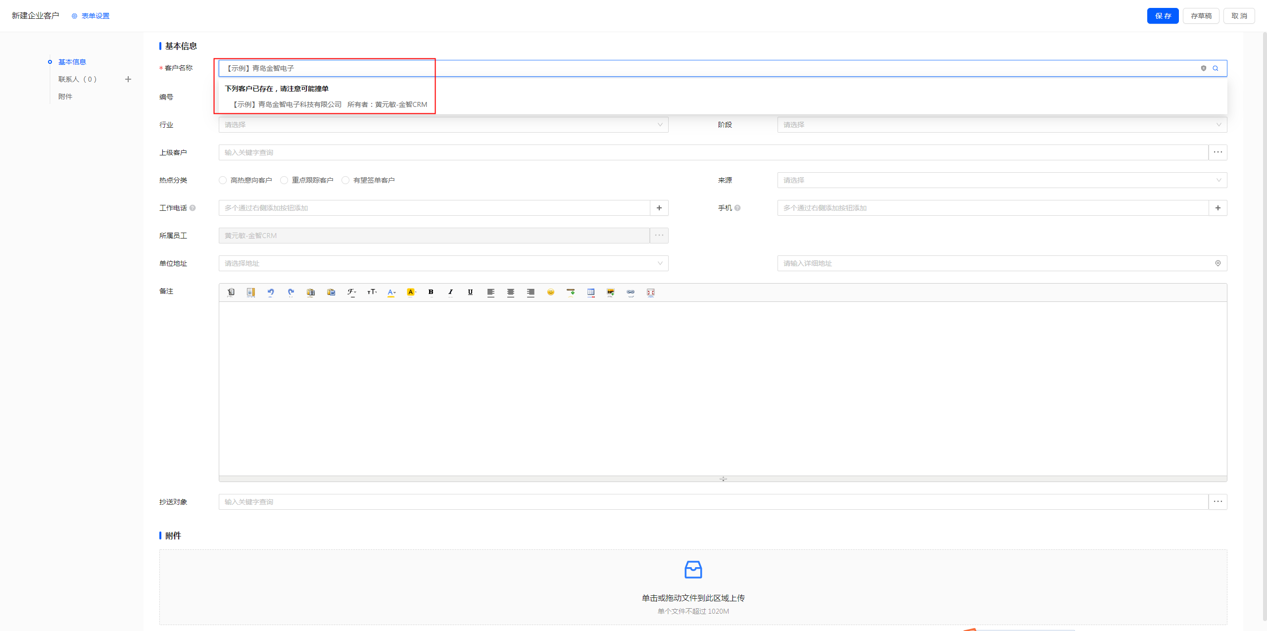 对于撞单客户,系统会给与提示,防止业务跟单重复。
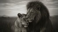 De monochrome tonen versterken de emotionele intensiteit van het beeld. Zonder kleur blijft enkel de essentie over: liefde, rust en vertrouwen. De leeuw met zijn imposante manen en de sierlijke leeuwin verbeelden samen een tijdloos verhaal van partnerschap, loyaliteit en bescherming.
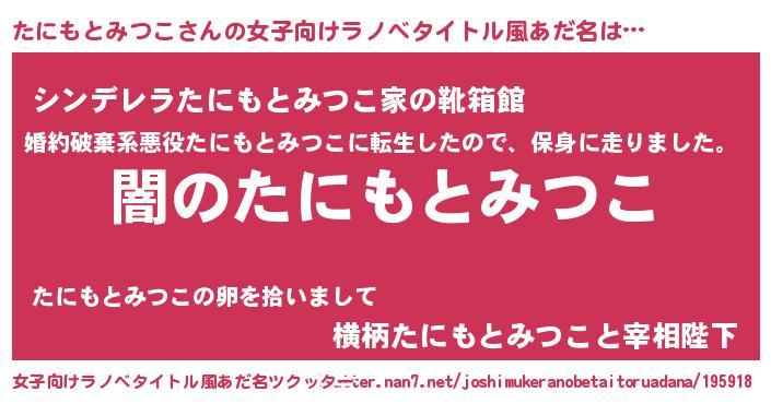 | 意味不明あだ名 | 『自称たにもとみつこ』 |

*Task instructions:* Leaving the pictures out, output the material exactly as it appears.

*Result:*
 对于撞单客户,系统会给与提示,防止业务跟单重复。
 De monochrome tonen versterken de emotionele intensiteit van het beeld. Zonder kleur blijft enkel de essentie over: liefde, rust en vertrouwen. De leeuw met zijn imposante manen en de sierlijke leeuwin verbeelden samen een tijdloos verhaal van partnerschap, loyaliteit en bescherming.
 | 意味不明あだ名 | 『自称たにもとみつこ』 |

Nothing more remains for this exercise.